L'enquête sur l'impact du nuage de Tchernobyl en France s'est achevée mercredi par un non-lieu, 10 ans après son ouverture, la cour d'appel de Paris estimant que la catastrophe nucléaire de 1986 n'a pas eu de conséquences sanitaires mesurables en France.

La chambre de l'instruction de la cour d'appel a en particulier mis hors de cause l'ancien patron du Service central de protection contre les rayons ionisants (SCPRI), le Professeur Pierre Pellerin, seul mis en examen, pour «tromperie aggravée», en 2006 dans cette affaire.

«C'est un point final à ce dossier.

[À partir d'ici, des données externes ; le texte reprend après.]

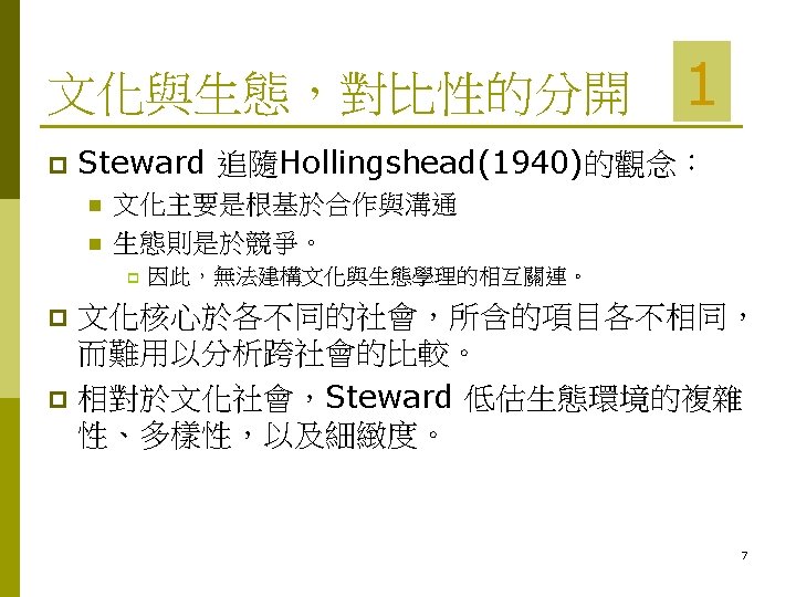 Julian Steward 的文化生態學 p 1 「文化生態學」 (Cultural Ecology)有七項重點: n n 文化核心(cultural core)、環境與文化間的相關、 線性互動的關聯、功能與適應、 引入生態學理、了解生態的複雜性、 以及歷史的變遷。 Julian Steward(1955) The theory of cultural change. p 其他還有:Freilich (1963), Harris (1968), Rappaport (1963, 1968, 1969, 1971)等學者 p 6

L'association qui regroupe les victimes va se pourvoir en cassation contre cet arrêt pour avoir épuisé toutes les voies de recours», a dit Me Bernard Fau, l'avocat des parties civiles.

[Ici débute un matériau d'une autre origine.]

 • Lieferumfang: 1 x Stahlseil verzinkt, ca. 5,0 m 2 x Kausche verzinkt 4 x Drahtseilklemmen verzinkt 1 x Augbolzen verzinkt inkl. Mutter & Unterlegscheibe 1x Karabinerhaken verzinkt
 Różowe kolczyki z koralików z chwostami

«C'est une décision qui va laisser un goût amer du point de vue des victimes (...) et chez tous ceux qui, dans la société civile, ont attaché un intérêt à l'impact que peut avoir un nuage radioactif survolant un pays après une catastrophe nucléaire», a-t-il ajouté.

Une colère qui ne s'est pas fait attendre, notamment en Corse: «Avec ce non-lieu, on s'est moqué de nous», a déclaré le Dr Denis Fauconnier, généraliste aujourd'hui retraité, qui avait le premier évoqué des retombées sur la population insulaire.

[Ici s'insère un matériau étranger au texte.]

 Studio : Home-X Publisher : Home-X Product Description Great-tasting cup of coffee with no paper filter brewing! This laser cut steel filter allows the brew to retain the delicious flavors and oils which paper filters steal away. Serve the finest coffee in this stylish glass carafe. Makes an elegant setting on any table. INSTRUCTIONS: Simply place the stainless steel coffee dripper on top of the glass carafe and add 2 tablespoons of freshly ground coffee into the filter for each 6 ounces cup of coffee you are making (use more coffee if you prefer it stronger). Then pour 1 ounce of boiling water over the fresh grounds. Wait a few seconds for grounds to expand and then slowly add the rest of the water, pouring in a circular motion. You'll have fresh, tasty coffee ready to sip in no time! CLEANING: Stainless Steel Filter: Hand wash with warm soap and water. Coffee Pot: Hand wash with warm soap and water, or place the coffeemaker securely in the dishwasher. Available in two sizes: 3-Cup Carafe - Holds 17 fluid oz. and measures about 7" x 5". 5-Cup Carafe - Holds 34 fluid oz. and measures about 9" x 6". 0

«Les dégâts provoqués étaient connus au plus haut niveau de l'État», a-t-il ajouté, affirmant que «les preuves de la répercussion du passage du nuage radioactif sur la Corse sont irréfutables».

L'enquête avait été ouverte en 2001 après une plainte déposée par l'Association française des malades de la thyroïde (AFMT) et une autre de la Commission de recherche et d'information indépendante sur la radioactivité (CRIIRAD).

La juge d'instruction Marie-Odile Bertella-Geffroy avait concentré ses investigations sur les informations communiquées en termes de radioactivité sur l'Hexagone au moment du passage du nuage au printemps 1986, en particulier sur une minimisation des risques encourus.

Pour le ministère public, qui demandait la fin de l'enquête, les analyses scientifiques versées au dossier s'accordent pour établir que la catastrophe de 1986 n'a pas eu de conséquences sanitaires mesurables en France; en particulier, aucun lien n'a été fait avec des maladies de la thyroïde.

L'avocat des parties civiles a reconnu que des raisons pouvaient justifier l'arrêt de cette enquête, mais qu'il aurait été plus «satisfaisant» de voir la juge d'instruction décider de clore elle-même ce dossier.

«Dès l'audience (...), le climat était à vouloir arrêter ce dossier pour des raisons qui peuvent être légitimes, qui tiennent à la difficulté d'établir un lien de causalité entre des maladies présentées par certaines personnes et le passage du nuage», a dit Me Fau.

«On peut regretter, certes après une procédure légitime et régulière, de ne pas avoir laissé la juge d'instruction achever elle-même l'instruction qu'elle avait commencée», a-t-il ajouté.

Dans la classe politique, le député Noël Mamère (Europe Écologie-Les Verts) s'est élevé contre ce qu'il qualifie de «déni de justice qui prouve la force du lobby nucléaire dans notre pays». Eva Joly, candidate d'EELV à la présidentielle, a dénoncé un État «au-dessus des lois».

«À l'heure où le Japon affronte une catastrophe nucléaire où l'accès à l'information des populations civiles n'est pas garanti, et même bafoué, la garantie d'impunité que nous renvoyons est scandaleuse», a estimé la députée européenne Corinne Lepage.

«Nous n'acceptons pas le mensonge d'État et notre enquête doit permettre à des victimes d'aller en justice», a déclaré Josette Risterucci, présidente à l'Assemblée de Corse de la commission Tchernobyl, chargée d'établir une carte épidémiologique montrant le lien entre la catastrophe et l'augmentation des cas de cancers et maladies de la thyroïde dans l'île. Elle a indiqué que les travaux continueraient.